Subscribe to Blog Notification Emails

Latest Blog Post

The New Era of AI Centers

Jayshree Ullal
by Jayshree Ullal on May 29, 2024 6:00:00 AM

In 1984, Sun was famous for declaring, “The Network is the Computer.” Forty years later we are seeing this cycle come true again with the advent of AI. The collective nature of AI training models relies on a lossless, highly-available network to seamlessly connect every GPU in the cluster to one another and enable peak performance. Networks also connect trained AI models to end users and other systems in the data center such as storage, allowing the system to become more than the sum of its parts. As a result, data centers are evolving into new AI Centers where the networks become the epicenter of AI management.

Trends in AI

To appreciate this let’s first look at the explosion of AI datasets. As the size of large language models (LLMs) increases for AI training, data parallelization becomes inevitable. The number of GPUs needed to train these larger models cannot keep up with the massive parameter count and the dataset size. AI parallelization, be it data, model, or pipeline, is only as effective as the network that interconnects the GPUs. GPUs must exchange and compute global gradients to adjust the model’s weights. To do so, the disparate components of the AI puzzle have to work cohesively as one single AI Center: GPUs, NICs, interconnecting accessories such as optics/cables, storage systems, and most importantly the network in the center of them all.

Today’s Network Silos

There are many reasons and causes of suboptimal performance in today’s AI-based data centers. First and foremost, AI networking demands consistent end-to-end Quality of Service for lossless transport. This means that the NICs in a server, as well as networking platforms, must have uniform markers/mappings and accurate controls and congestion notifications (PFC & ECN with DCQCN) as well as appropriate buffer utilization thresholds so each component can react to network events like congestion promptly, ensuring the sender can precisely control the traffic flow rate to avoid packet drops. Today, the NICs and networking devices are configured separately. Any configuration mismatch can be extremely difficult to debug in large AI networks.

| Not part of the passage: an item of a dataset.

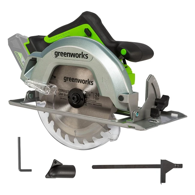 Acquista subito la potente, robusta e precisa sega circolare Greenworks GD24KS! Taglia rapidamente legname fino a 64mm di spessore con tagli dritti o obliqui. Base regolabile fino a 45° e motore brushless per maggiore potenza. Funziona con batterie Greenworks da 24V. Approfitta dell'offerta speciale: solo attrezzo senza batteria per chi già possiede un attrezzo Greenworks da 24V. Garanzia di 3 anni inclusa!

A common reason for poor performance is component failures. Servers, GPUs, NICs, transceivers, cables, switches, and routers can fail resulting in go-back N - or even worse, can stall an entire job, which leads to huge performance penalties. And the probability of component failures becomes even more pronounced as the cluster size grows. Traditionally, GPU vendors’ collective communication libraries (CCLs) will try to discover the underlying network topology using localization techniques, but discrepancies between the discovered topology and the actual one can severely impact job completion times of AI training.

Another aspect of AI networks is that most operators have separate teams designing and managing distinct compute vs. network infrastructures. This involves the use of different orchestration systems for configuration, validation, monitoring, and upgrades. The lack of a single point of control and visibility makes it extremely difficult to identify and localize performance issues. All of these problems are exacerbated as the size of the AI cluster grows.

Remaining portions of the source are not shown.